Anorexia Nervosa (AN) is a complex and multi-dimensional form of mental illness. There are strong genetic, familial and social aspects involved in the development of the disorder. It is also common for anxiety, depressive or personality disorders to be present or develop in patients with AN.
Estimations are that 1%-4.2% of women will suffer from the disorder in their lifetime, depending on how strictly the diagnostic criteria is used. Anorexia in men is about a tenth as common as in women, but still occurs. AN also occurs more often in westernised countries than non-westernised countries. However anorexia in developing countries is also on the rise as fewer and fewer cultures embrace a curvy, feminine shape
Quite frighteningly anorexia has the highest mortality rate of all mental illnesses emphasising the seriousness of the disorder. This is most likely due to the general acceptance of underweight by society. Statistics show that only one tenth of people with eating disorders ever receive treatment.
The onset of anorexia nervosa often occurs during adolescence. This is thought to be because of a lack of acceptance of pubertal body changes and heightened concern about shape and size. However, recent studies have shown the age of onset to more frequently occur at as young as 9 years old.
Personality types most likely to develop AN are commonly introverted, obsessive, perfectionists. They are often very high achievers with a desire to control every aspect of their lives, this includes controlling their weight to extreme levels. Despite accomplishment they are known to feel ineffective, with a low self esteem.
Patients commonly have a distorted body image, believing that they are overweight despite the fact that they are very thin, malnourished or wasted. Some are critical of their whole bodies, while others believe a specific part to be overweight. For example stomach, arms, thighs etc. Basically when looking in the mirror they see something completely different to what the world sees.

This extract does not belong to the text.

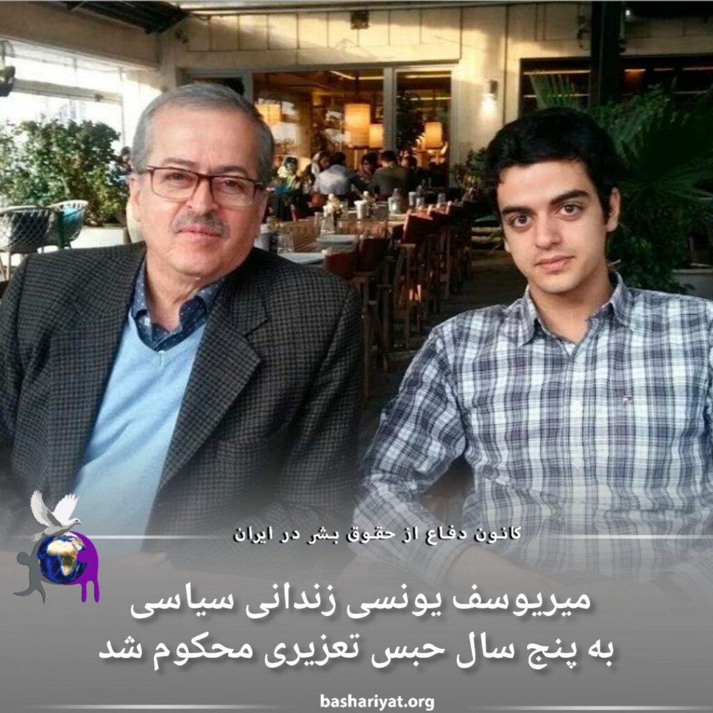 #میریوسف_یونسی زندانی سیاسی و پدر #علی_یونسی زندانی سیاسی محبوس در زندان اوین تهران، پس از یک سال بازداشت موقت توسط شعبە ٢٦ دادگاە انقلاب تهران بە ریاست قاضی ایمان افشاری بە پنج سال حبس تعزیری محکوم شده است.میریوسف یونسی روز ۷ دیماە سال ١٤٠١ درشهرستان شاهرود توسط نیروهای امنیتی بازداشت و بە بازداشتگاە اطلاعات تهران منتقل شد، وی پس از سە ماە بە بند عمومی اندان اوین و از آن زمان بە صورت بلاتکلیف در این زندان نگەداشتە شدە است.

Frequently the family lifestyle of a person with anorexia is well off and overprotected, with many inflexible rules and poor conflict resolution. The sufferer may act out to get attention or gain control of at least one area of their lives.
Some behaviours used by people with anorexia to control their weight include:
- Stopping eating/limiting eating severely
- Taking pills(diuretics, laxatives, diet pills),
- Exercising excessively regardless of illness, injury or weather. They may also exercise to compensate for eating what they believe to have been too much.
- Count calories and weigh food, this often becomes an obsession and a huge stress and cause for self-punishment.
- Cutting food groups or certain foods
- Playing with food and moving it around, but not eating
If you believe that somebody you know is showing signs of having anorexia it is important to do your best to make sure that they get help. If you aren’t very close to the person, perhaps speak to someone in their family or close friendship circle. The person should be spoken to in a supportive and non-confrontational manner. Tell them your concerns and recommend that they seek professional help. Proper treatment requires the involvement of a doctor, dietician and therapist.